Most service management practitioners will agree that there is an advantage to using a shared and a standard terminology when speaking of how to manage services. To this end, the definitions provided by ITIL® are most often cited. Some terms, however, continue to be used in diverse ways, only adding to the confusion of those who attempt to follow industry standards. This might be due to multiple industry standards, to poetic license, to ignorance or, indeed, to laziness.
The Case of Severity
One such term is severity. Severity is normally used to describe an event or an incident.
However, some practitioners appear to use this term interchangeably with other attributes of events and incidents, such as impact or priority. I propose here a simple way of distinguishing severity from impact, one that is loosely derived from ITIL®.
Events or incidents may be viewed from two perspectives: how do they influence the customers of services and how do they influence the providers of services. We propose that the term impact should describe the influence of an event or incident on the customers, while the term severity should describe its influence on the service provider.
Since an incident or event normally has a negative influence on service customers, impact is a measure of the loss of value to the customers. Services are intended to provide value to customers; incidents diminish that value. Impact tells us by how much. Ultimately, impact should be measurable in financial terms, but this is often difficult to do or impractical during the resolution of an incident or event. Therefore, it tends to be reduced to a rather arbitrary scale, such as high, middle or low. There are numerous indicators of the probable level of impact, including the number of users touched by the incident, the profiles of those users, the role that affected components play in the delivery of services and the value of those services.
Whatever means are used to measure the probable or actual impact of an incident or event, the resulting assessment should be recognizable and verifiable by the customers. There is an importance nuance here, however. Only the customer can really assess the actual impact of an incident. However, both the service provide and the customer may together assess the probable or potential impact of an incident. The service provider must make such assessments early in the management of events and incidents, even if the customer provides no input at all.
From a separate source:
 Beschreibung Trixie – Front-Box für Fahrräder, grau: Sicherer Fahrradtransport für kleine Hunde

Severity measures the effort and expense required by the service provider to manage and resolve an event or incident. A number of examples illustrate this definition. A failed disk that may be replaced using a hot swap is an incident less severe than one requiring the shutdown and opening of a computer chassis. The failure of a device costing 100,000 to replace is more severe than the failure of a device costing 10,000. The incident whose resolution requires five technicians and ten hours of work is more severe than the incident requiring 1 technician and ten minutes.
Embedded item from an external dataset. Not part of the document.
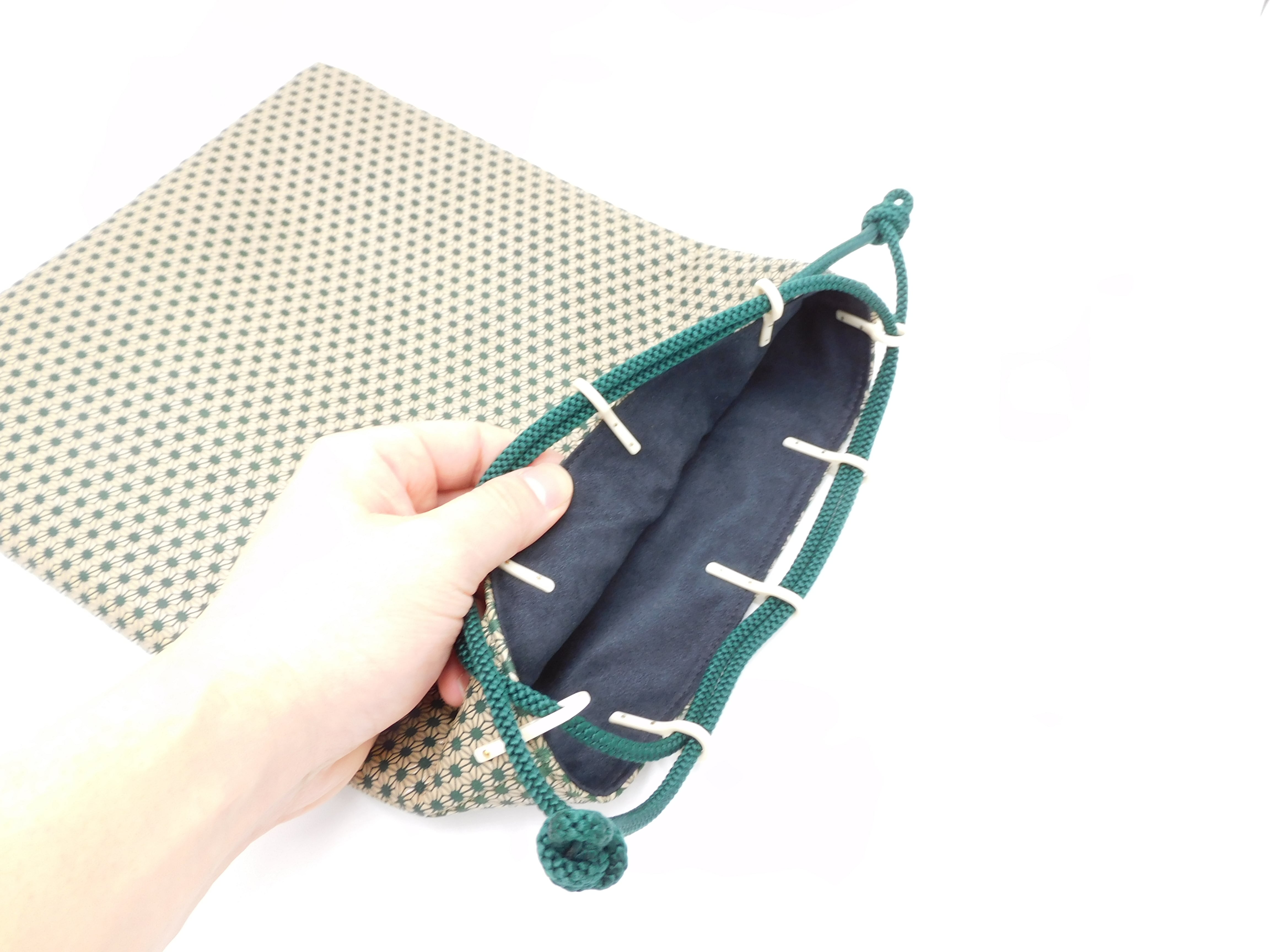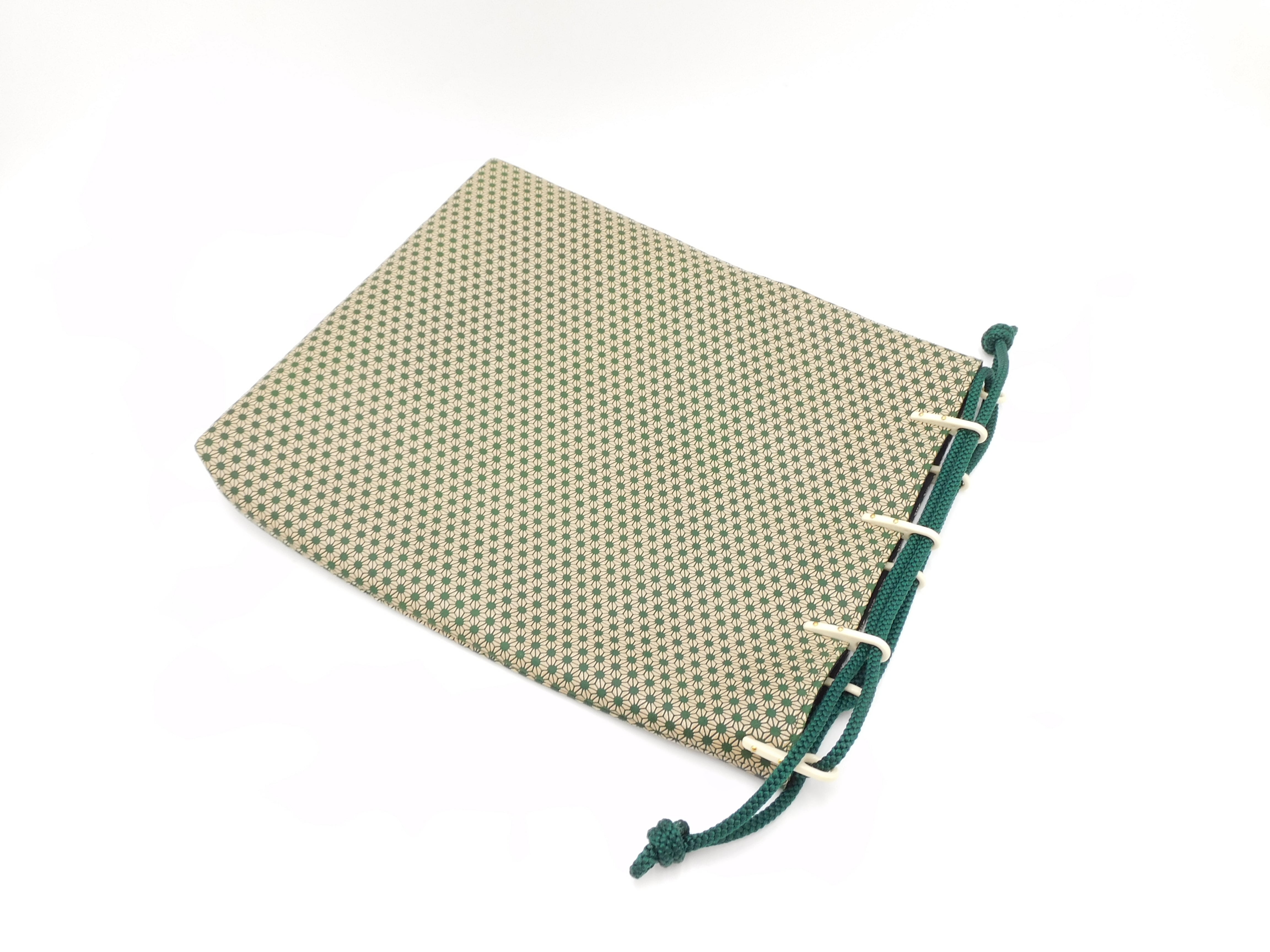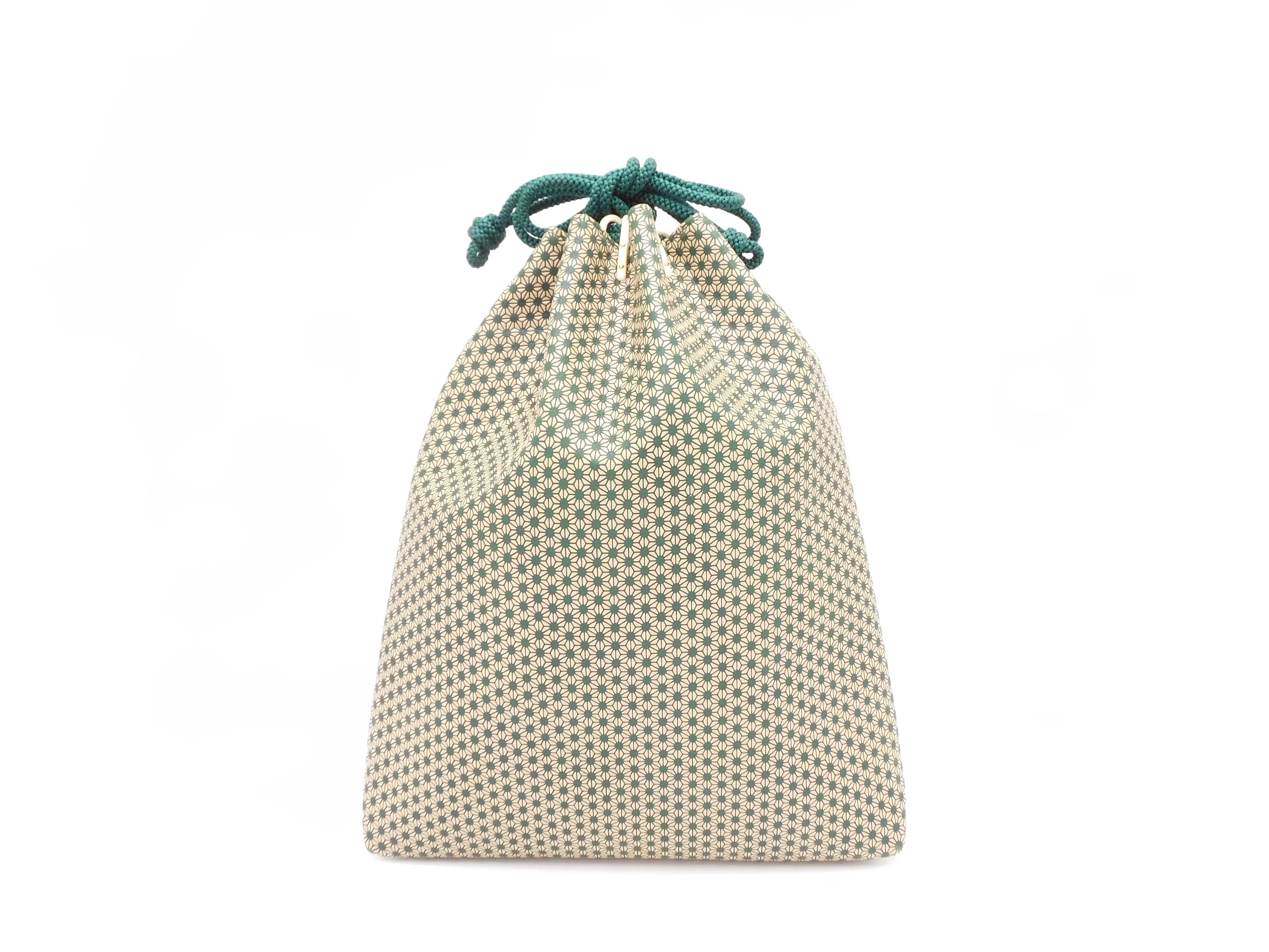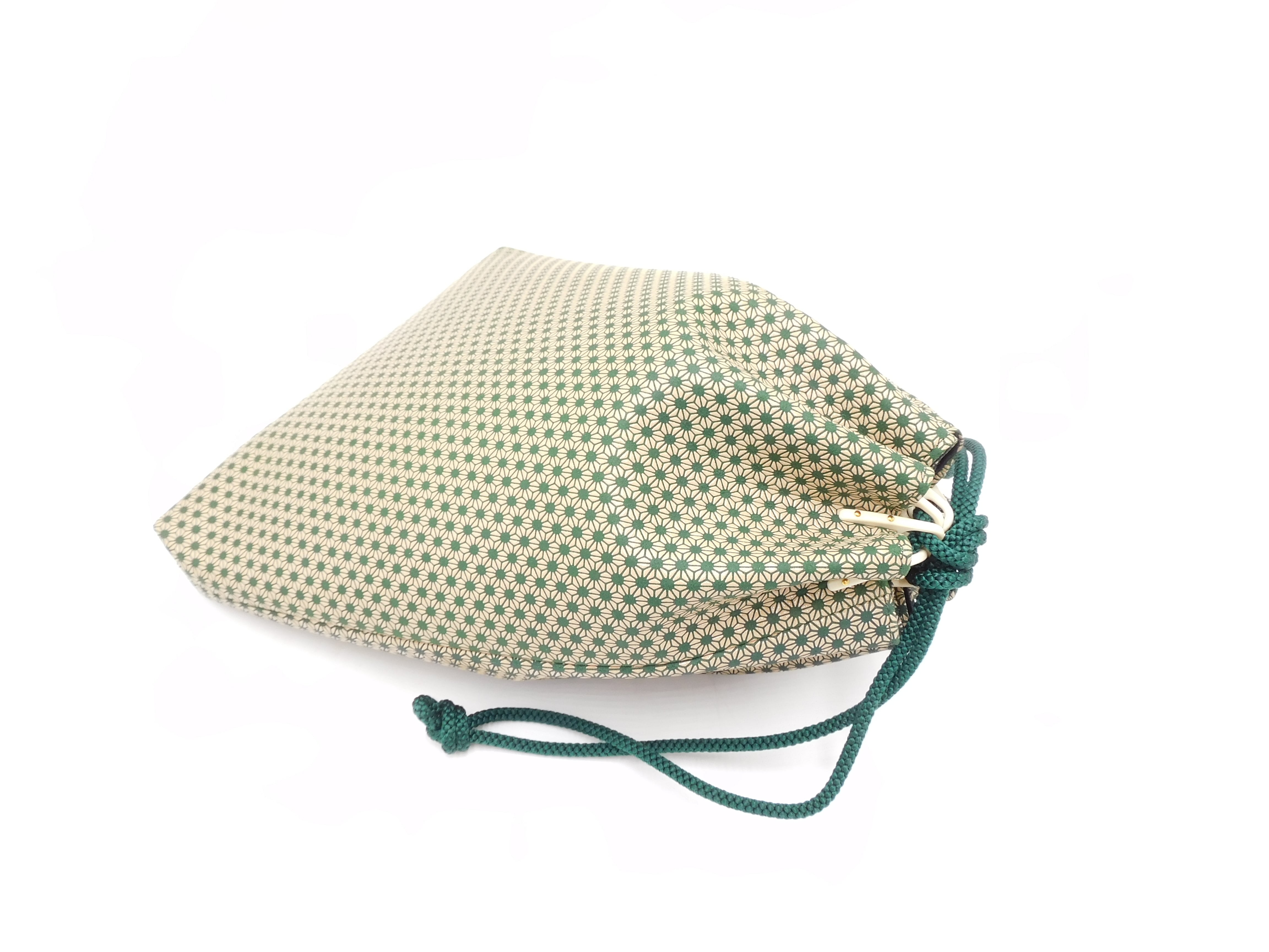 合切袋(大)緑/白 丸麻の葉柄

As for impact, severity should ultimately be measurable in financial terms. Similarly, such measurements are much easier to make after the fact than during investigation and resolution. The major difference between impact and severity is that impact depends on how customers are using a service. The profiles of use are only indirectly influenced by the service provider. The same service provided to two different customers making different use of the service may end in radically different impacts in the case of failure. A lost email message intending to place an order to buy or sell stocks will have a very different impact than a lost email thanking a customer for years of loyal patronage.
In fact, severity is often due to a series of strategic and tactical choices made by the service provider. Severity is therefore directly influenced and under the control of that organization. If incidents are more severe because an organization has not enforced any standards for the models and configurations of its servers, then that severity is the direct result of a decision (or a decision not taken). A service provider may choose not to invest in the ongoing development and education of its technicians. In that case, it should not be surprised if the staff takes longer to diagnose and resolve incidents, thereby making them more severe than they might be otherwise.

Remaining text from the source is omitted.